### Records from a collection
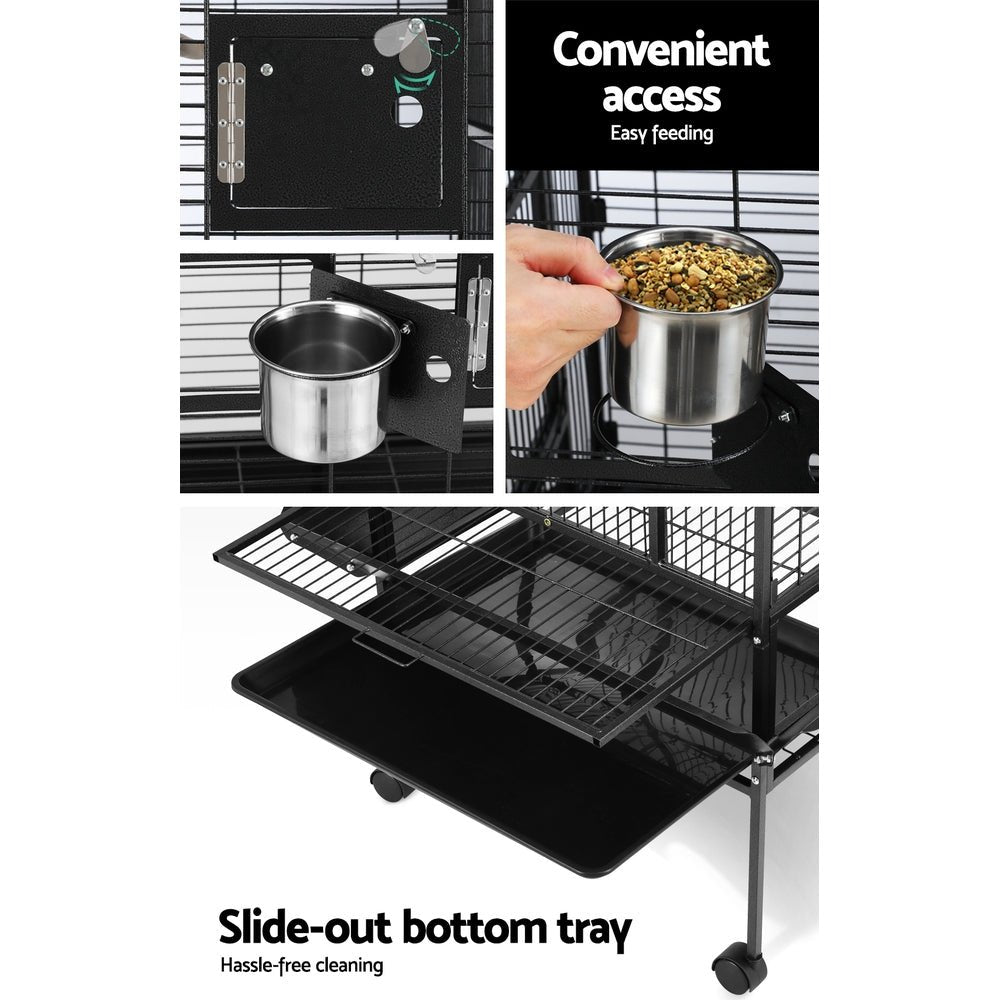 Taking care of them is made easy too with one large access door and two side doors to reach inside the five food and water bowls and take them out for refills or cleaning. Cleaning is hassle-free with the slide-out top and bottom tray that can also be removed. And your feather friends will feel extremely safe too with a set of secured locks to keep prying predators away. Including that nosey parker feline from next door.
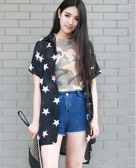 牛仔短裤搭配运动休闲鞋,在加上黑色长款防晒衫,让你夏日轻松遮阳秀出时尚风。
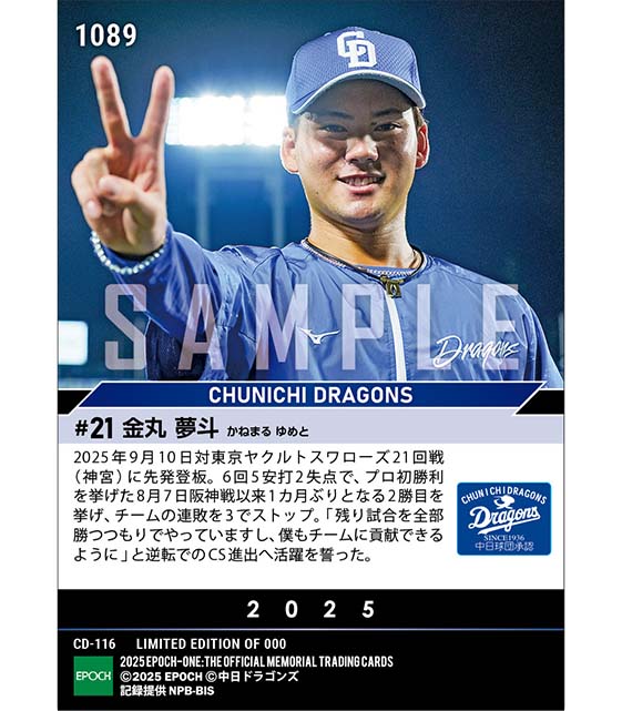 公式RC【金丸夢斗】チームの連敗を止めるプロ2勝目(25.9.10) のカードを買うならエポックワン!税込・送料無料!
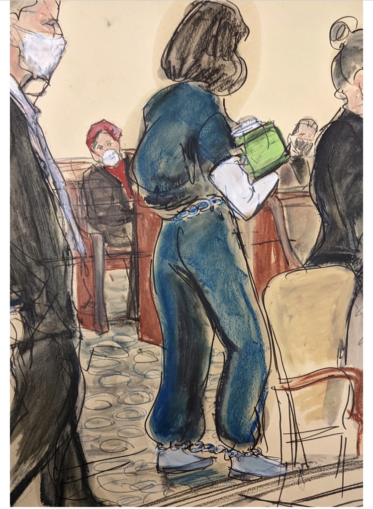 Maxwell compareció en el tribunal federal de Manhattan con un uniforme azul de prisión y una máscara blanca para la audiencia de mociones finales antes de que su juicio comience el 1 de noviembre. 29.
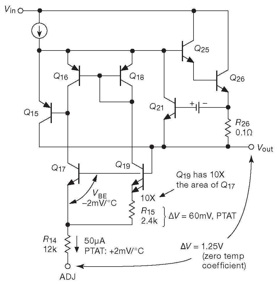 Рис. 9.13 Упрощённая схема линейного стабилизатора LM317, из которой понятно, как работает внутренний термокомпенсированный источник опорного напряжения
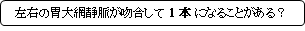 インターネットで画像検索をしてみると、左右の胃大網静脈を別々に描いているイラストよりは、左右の静脈が吻合して1本の静脈のように描いたイラストを掲載しているサイトのほうが多い。Wikipedia にはそのような解説は見られないので詳細は不明となる。いずれにしても、左右の胃大網静脈の血液の流れは異なり、右が右下方に流れて上腸間膜静脈に注ぐのに対して、左は左上方に走って脾静脈に注ぐ。
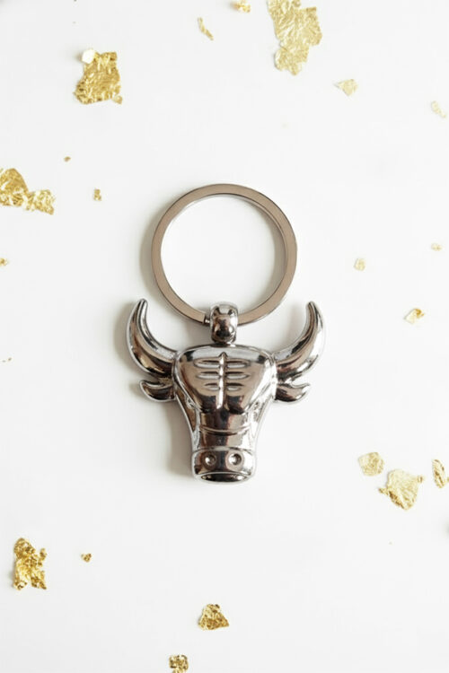 Striking Silver Bull Head Keychain – Symbol of Power and Strength
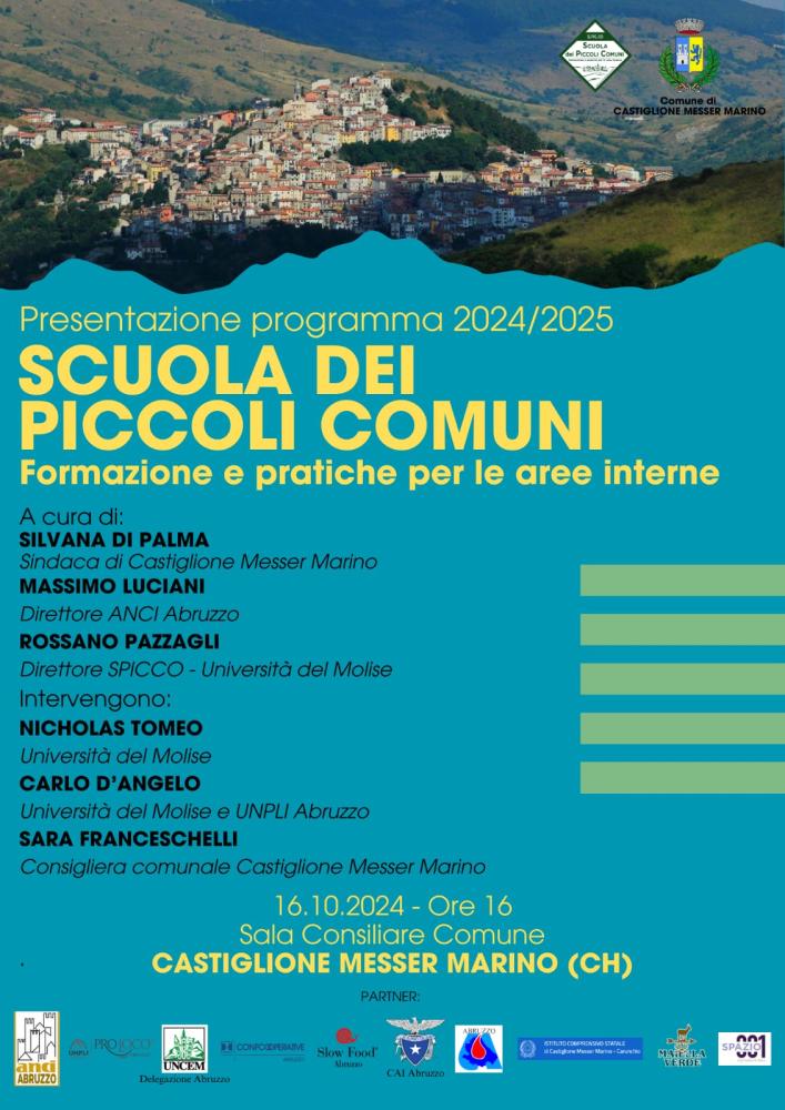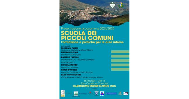 E’ prevista per mercoledì 16 ottobre alle 16, nella sala consiliare comunale (Castiglione Messer Marino, Via Erasmo Colapietro, 100) la presentazione ufficiale del programma degli incontri che si svolgeranno da novembre 2024 a maggio 2025.
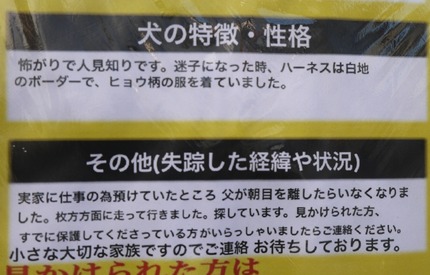 チラシによると、行方不明になっている犬は雑種のオス(5歳6か月、体重は約4kg)で、怖がりで人見知りの性格とのことです。
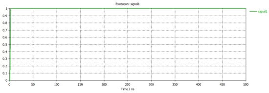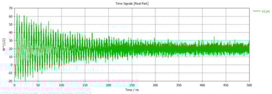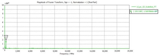 To determine the output power and voltage, a complex PIC simulation was required. The input voltage of 30 kV was applied to the cathode input column, and the magnetic field along the Z-direction was 0.18 T. The total simulation time was 500 ns, and the grid count was 154,440. Particle emission mode requires a microwave oven magnetron with explosive emission. The rise time was 1 ns, particle kinetic energy was 3 keV, and 2974 particles were emitted. The CPU was accelerated in the PIC simulation to reduce the simulation time. Accelerated simulation with six CPUs took about three hours. In Figure 4, discrete voltage levels were fed into the system, and a waveguide port was set at the output to capture the output signal. A Fourier transform was then performed to convert the signal into a spectrum diagram. In Figure 5, the signal rise time for the fed voltage is 1 ns, and the total time is 500 ns. With the above parameters, the frequency and output power values under the influence of the voltage and magnetic field are determined. Figure 6 shows the output frequency results after Fourier transformation. Figure 7 shows the measured output power at 193 MHz, with an initial power of approximately 1.2 kW and a steady-state power of approximately 400 W.
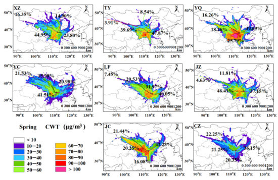 In spring (Figure 9 and Figure S4), LL, YQ, JC, TY, LF and JZ were influenced by heavy input of NO2, while central-north Shaanxi and central-south Shanxi were identified by CWT as the main source areas. The areas around Erdos in Inner Mongolia, Yinchuan in Qinghai, northern Henan and south of Shijiazhuang in Hebei also contributed to the NO2 pollution of the above cities. The contribution of central-south Shanxi to NO2 reached above 100 μg/m3. Air masses from the areas around Huanghe River on the Shanxi-Shaanxi border had a certain contribution to NO2 in SZ and XZ.
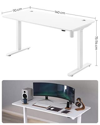 Elektromosan állítható magasságú íróasztal, 70 x 140 x (73-114) cm, motoros szerkezet, fokozatmentesen állítható, acélvázas, fehér
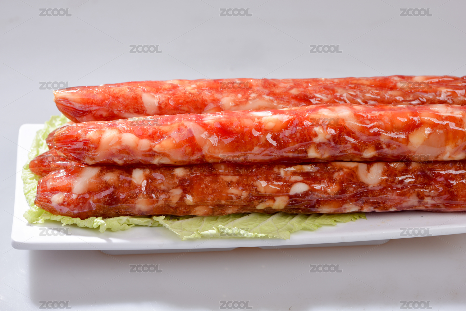 纯色背景中的传统美食香肠
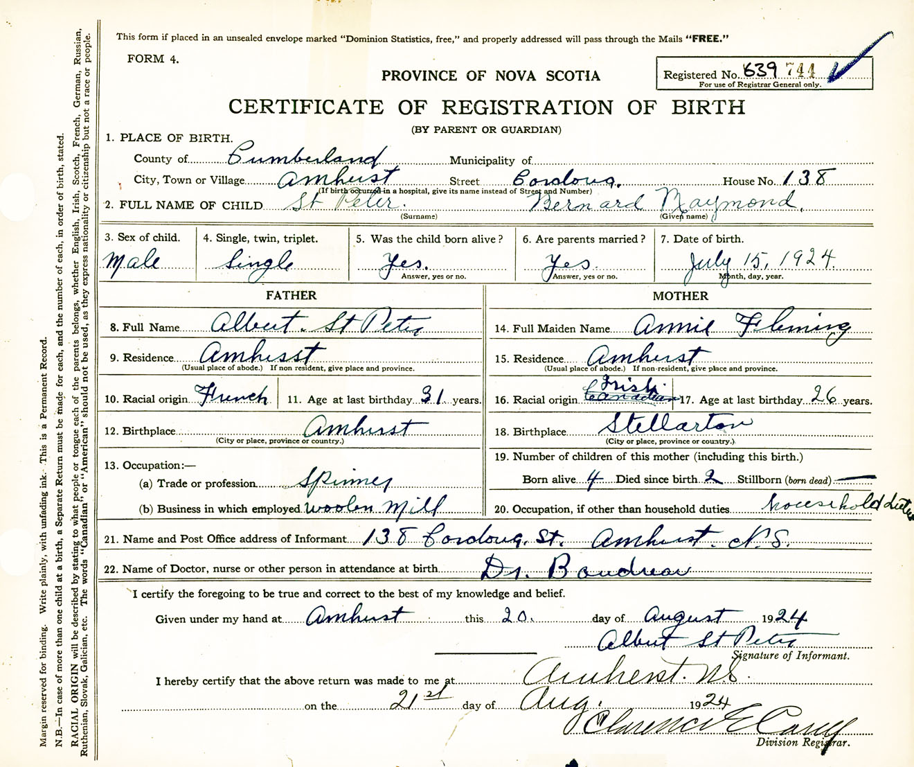 Male Birth Registration: Year: 1924 number: 63900744

### Goal of the exercise
Would you set down the records above once more, exactly, with the pictures removed?

### Result
 Taking care of them is made easy too with one large access door and two side doors to reach inside the five food and water bowls and take them out for refills or cleaning. Cleaning is hassle-free with the slide-out top and bottom tray that can also be removed. And your feather friends will feel extremely safe too with a set of secured locks to keep prying predators away. Including that nosey parker feline from next door.
 牛仔短裤搭配运动休闲鞋,在加上黑色长款防晒衫,让你夏日轻松遮阳秀出时尚风。
 公式RC【金丸夢斗】チームの連敗を止めるプロ2勝目(25.9.10) のカードを買うならエポックワン!税込・送料無料!
 Maxwell compareció en el tribunal federal de Manhattan con un uniforme azul de prisión y una máscara blanca para la audiencia de mociones finales antes de que su juicio comience el 1 de noviembre. 29.
 Рис. 9.13 Упрощённая схема линейного стабилизатора LM317, из которой понятно, как работает внутренний термокомпенсированный источник опорного напряжения
 インターネットで画像検索をしてみると、左右の胃大網静脈を別々に描いているイラストよりは、左右の静脈が吻合して1本の静脈のように描いたイラストを掲載しているサイトのほうが多い。Wikipedia にはそのような解説は見られないので詳細は不明となる。いずれにしても、左右の胃大網静脈の血液の流れは異なり、右が右下方に流れて上腸間膜静脈に注ぐのに対して、左は左上方に走って脾静脈に注ぐ。
 Striking Silver Bull Head Keychain – Symbol of Power and Strength
 E’ prevista per mercoledì 16 ottobre alle 16, nella sala consiliare comunale (Castiglione Messer Marino, Via Erasmo Colapietro, 100) la presentazione ufficiale del programma degli incontri che si svolgeranno da novembre 2024 a maggio 2025.
 チラシによると、行方不明になっている犬は雑種のオス(5歳6か月、体重は約4kg)で、怖がりで人見知りの性格とのことです。
 To determine the output power and voltage, a complex PIC simulation was required. The input voltage of 30 kV was applied to the cathode input column, and the magnetic field along the Z-direction was 0.18 T. The total simulation time was 500 ns, and the grid count was 154,440. Particle emission mode requires a microwave oven magnetron with explosive emission. The rise time was 1 ns, particle kinetic energy was 3 keV, and 2974 particles were emitted. The CPU was accelerated in the PIC simulation to reduce the simulation time. Accelerated simulation with six CPUs took about three hours. In Figure 4, discrete voltage levels were fed into the system, and a waveguide port was set at the output to capture the output signal. A Fourier transform was then performed to convert the signal into a spectrum diagram. In Figure 5, the signal rise time for the fed voltage is 1 ns, and the total time is 500 ns. With the above parameters, the frequency and output power values under the influence of the voltage and magnetic field are determined. Figure 6 shows the output frequency results after Fourier transformation. Figure 7 shows the measured output power at 193 MHz, with an initial power of approximately 1.2 kW and a steady-state power of approximately 400 W.
 In spring (Figure 9 and Figure S4), LL, YQ, JC, TY, LF and JZ were influenced by heavy input of NO2, while central-north Shaanxi and central-south Shanxi were identified by CWT as the main source areas. The areas around Erdos in Inner Mongolia, Yinchuan in Qinghai, northern Henan and south of Shijiazhuang in Hebei also contributed to the NO2 pollution of the above cities. The contribution of central-south Shanxi to NO2 reached above 100 μg/m3. Air masses from the areas around Huanghe River on the Shanxi-Shaanxi border had a certain contribution to NO2 in SZ and XZ.
 Elektromosan állítható magasságú íróasztal, 70 x 140 x (73-114) cm, motoros szerkezet, fokozatmentesen állítható, acélvázas, fehér
 纯色背景中的传统美食香肠
 Male Birth Registration: Year: 1924 number: 63900744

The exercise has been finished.